Setting up an NVMe m.2 SSD is not really that difficult to set up but does require a few settings to make it bootable so you can install your operating system (OS) to it. If you're not installing your OS to it then you can let Windows initialize the drive as long as the slot is enabled. Every manufacturer has different settings so it would be very difficult to go over every UEFI BIOS out there. I am covering the ASUS ROG Z270G STRIX, but if you look at your UEFI manual I'm sure the settings are similar but may contain different verbiage.

The first thing you want to do is find where your settings show your m.2 info so you can enable the slot or slots the drives are installed to. Once you know the appropriate slots are enabled you can configure the drive and prepare it for the main boot drive. Above for the Z270G board, it is required to enable Intel Rapid Storage so the drive can be recognized and also for most modern motherboards you need to disable CSM so the UEFI can boot to the NVMe drive. You will find unless you do this the drives are not recognized during the booting process. I personally have seen this over an ASRock Z270 board and this ASUS one.

Unless you're doing RAID you shouldn't have any issues letting Windows 10 recognize the enabled m.2 drive.  If you do set up a RAID volume for NVMe drives you do have to load the correct RAID driver like usual during the Windows setup process.



Testing can differ slightly from system to system. I am going to test the M8Se using ATTO Disk Benchmark, and the AS SSD benchmark. I will be testing this NVMe drive vs the Toshiba RD400 NVMe, the Samsung 950 PRO, ZOTAC Sonix, and an SSD drive. By doing this, we can see any difference by controller choices, or by driver level variances. The SSD will be able to show how much of an advantage NVMe is over tradition SATA.

Another treat I have is my FLIR ONE. By using this thermal imagery I can show you how hot these m.2 NVMe drives get and why there have been some issues with overheating like here. This tool is fantastic because it will allow tech enthusiasts and reviewers to show visual results for thermal testing. It is a next generation thermal camera that works with iOS and Android devices. If you want to buy one look here.

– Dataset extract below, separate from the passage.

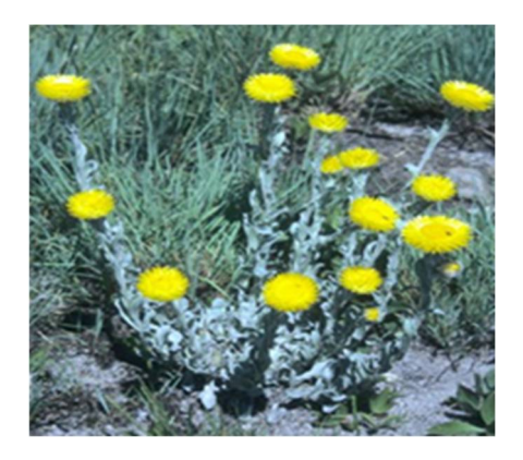
Figure 4. H. aureum. Source: SANBI [39].

The cytotoxicity study reported by Lourens et al. [40] revealed that the chloroform:methanol (1:1) extract of H. aureum displayed cytotoxic effects toward transformed human kidney epithelial (Graham) cells, breast adenocarcinoma (MCF-7), and glioblastoma (SF-268) cells at the tested concentration (0.1 mg/mL) with inhibition of 5%, 7%, and 35%, respectively.

My test bench is as follows:
  • ViewSonic XG2703-GS Monitor
  • Motherboard- Asus ROG STRIX Z270G mATX
  • CPU: Intel Core I7 6700K
  • Network Card- Netgear AC 1200 (USB 3.0)
  • Router- Netgear Nighthawk x10
  • Cooler- Cooler Master Master Liquid 240
  • Memory- Corsair LPX DDR4 3000 MHz
  • Video Card: Nvidia GTX 1060
  • Storage- Toshiba OCZ VX500GB SSD / Toshiba OCZ RD 400 256 GB NVMe/ Samsung 950 Pro 512 GB NVMe / ZOTAC Sonix 480 GB NVMe / Plextor M8Se (Boot)
  • Power Supply- Corsair RM650X
  • OS: Windows 10 x64 Pro
  • Mouse- Logitech G403 Wireless Gaming Mouse
  • Keyboard- Logitech G413
  • Headphones- Logitech G533 7.1 Surround Sound Wireless Headset

I also want to point out I did not have all these drives plugged in at the same time and these were all tested independently. This was necessary due to bandwidth limitations currently with NVMe and I did not want any bottlenecks.



Plextor claims to have some sort of heat resistance to the drive, but this was marketed towards all of them, and I am thinking maybe they meant the versions with heatsinks. Either way, the drive is supposed to be cooler with a heatsink and that isn't always the case as we've seen with MSI's issue with overheating NVMe drives. You can actually buy thermal covers for your drives similar to this one here. At 53.4 (°C) I'm not too concerned with an open air test bench but it is something to watch out for. This could be a problem depending on m.2placementt for added heat to your system.

The white spots are the warmest and it would appear the Marvel controller is the warmest part of the M8Se drive. If the controller gets too overworked it could cause the drive to fail if not properly cooled or monitored. I've seen more controllers fail as opposed to NAND.



Booting Windows on this the M8Se is super fast. It only took about 9 seconds to get into Windows 10 x64 fully loaded. This is a bit faster than regular SSDs and is much faster than traditional SATA drives.



I went ahead and converted the scores to MB/s so you could see a clearer picture of performance across the different drives. I also took the highest recorded Read / Write speed and that is what is displayed by each drive. You can see the M8Se drive definitely keeps up with performance, but as a TLC drive drags behind a little. The ZOTAC Sonix does have a clear advantage with the use of a Phison controller. The SSD is where as expected as well which should be around 500 - 550 MB/s. For a budget friendly TLC NVMe drive, the M8Se is definitely worth your time.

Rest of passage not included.